Liberals across America are going spastic. California’s historically ultra-liberal 4th Circuit Court of Appeals just voted 2-1 in favor of guns. More specifically, Second Amendment rights which guarantee any 18-year-old American citizen the right to purchase and bear arms.
4th Circuit decides
A three judge panel of the 4th Circuit Court of Appeals just ruled that “denying full Second Amendment rights to Americans aged 18 to 20 years old is patently unconstitutional.” It’s an undisputed fact that our nation’s “most cherished constitutional rights vest no later than 18.”
Gun grabbing liberals who want deplorable White nationalists disarmed at any cost can’t accept the proposition that “people who are old enough to vote and serve in the military” can ever “be trusted with the awesome responsibility that is handgun ownership.”
The 4th Circuit shot that argument full of holes. Judge Julius Richardson wrote up the decision for the majority.
He began by rhetorically asking, when “do constitutional rights vest? At 18 or 21? 16 or 25? Why not 13 or 33? In the law, a line must sometimes be drawn. But there must be a reason why constitutional rights cannot be enjoyed until a certain age. Our nation’s most cherished constitutional rights vest no later than 18. And the Second Amendment’s right to keep and bear arms is no different.”
The conservative Plaintiffs wanted an injunction and a declaratory judgment. Several federal laws and regulations currently on the books “prevent federally licensed gun dealers from selling handguns to any 18-, 19-, or 20-year-old” citizens. That, they argue, violates the Second Amendment. The 4th Circuit agreed.
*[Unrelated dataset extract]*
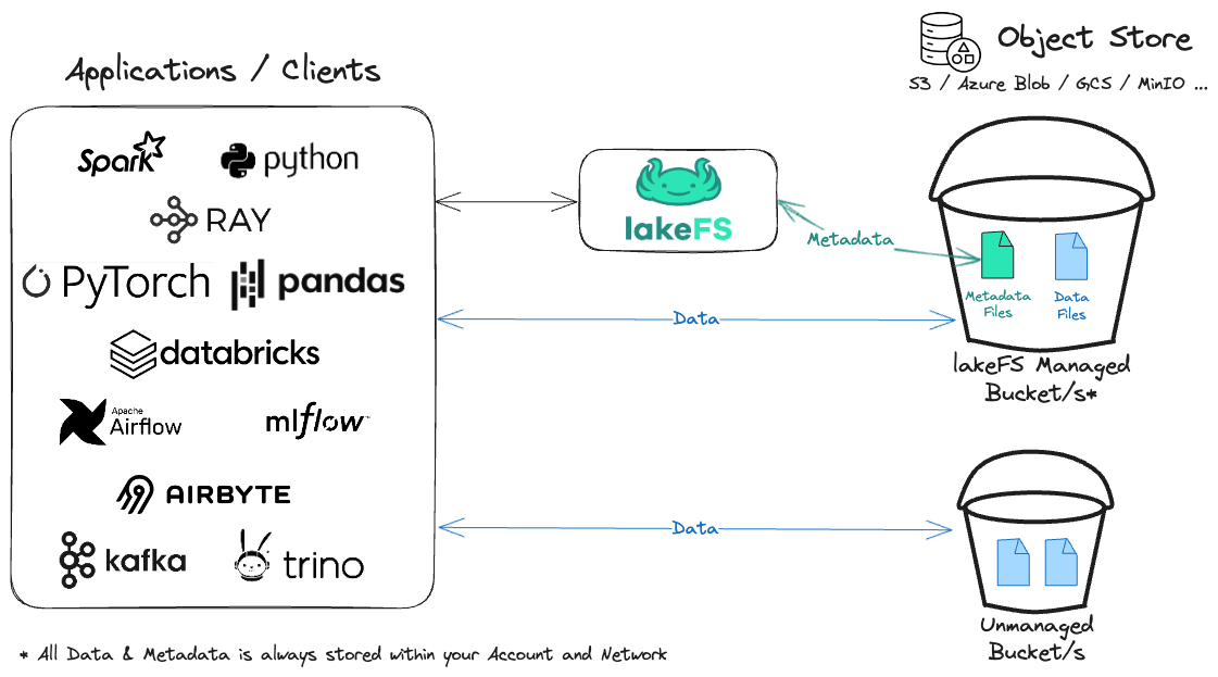 lakeFS is an open source project that supports managing data in AWS S3, Azure Blob Storage, Google Cloud Storage (GCS), S3-Compatible storage solutions and even locally mounted directories. It integrates seamlessly with popular data frameworks such as Spark, AWS SageMaker, Pandas, Tensorflow, Polars, HuggingFace Datasets and many more.

“We first find that 18-year-olds possess Second Amendment rights. They enjoy almost every other constitutional right, and they were required at the time of the Founding to serve in the militia and furnish their own weapons.” It goes even farther than that.
Justify the infringement
The Circuit Court asked themselves “whether the government has met its burden to justify its infringement of those rights under the appropriate level of scrutiny.” The answer is no. “To justify this restriction, Congress used disproportionate crime rates to craft overinclusive laws that restrict the rights of overwhelmingly law-abiding citizens.”
That’s a no-no. In doing so, “Congress focused on purchases from licensed dealers without establishing those dealers as the source of the guns 18- to 20-year-olds use to commit crimes.” That means they didn’t have a leg to stand on.
It didn’t take long for the Circuit judges to decide that “the challenged federal laws and regulations are unconstitutional under the Second Amendment.” They don’t care if it’s for a good purpose.
“Despite the weighty interest in reducing crime and violence, we refuse to relegate either the Second Amendment or 18- to 20-year-olds to a second-class status.”
Along with Judge Richardson, appointed by Once and Future President Donald Trump, G. Steven Agee who was appointed by George W. Bush agreed with the plaintiff. Liberal Clinton appointee Judge James A. Wynn sat in a corner and sulked.
Basically, the 4th Circuit confirmed that “Congress may not restrict the rights of an entire group of law-abiding adults because a minuscule portion of that group commits a disproportionate amount of gun violence.” Liberals are sending Play-Doh stock through the roof.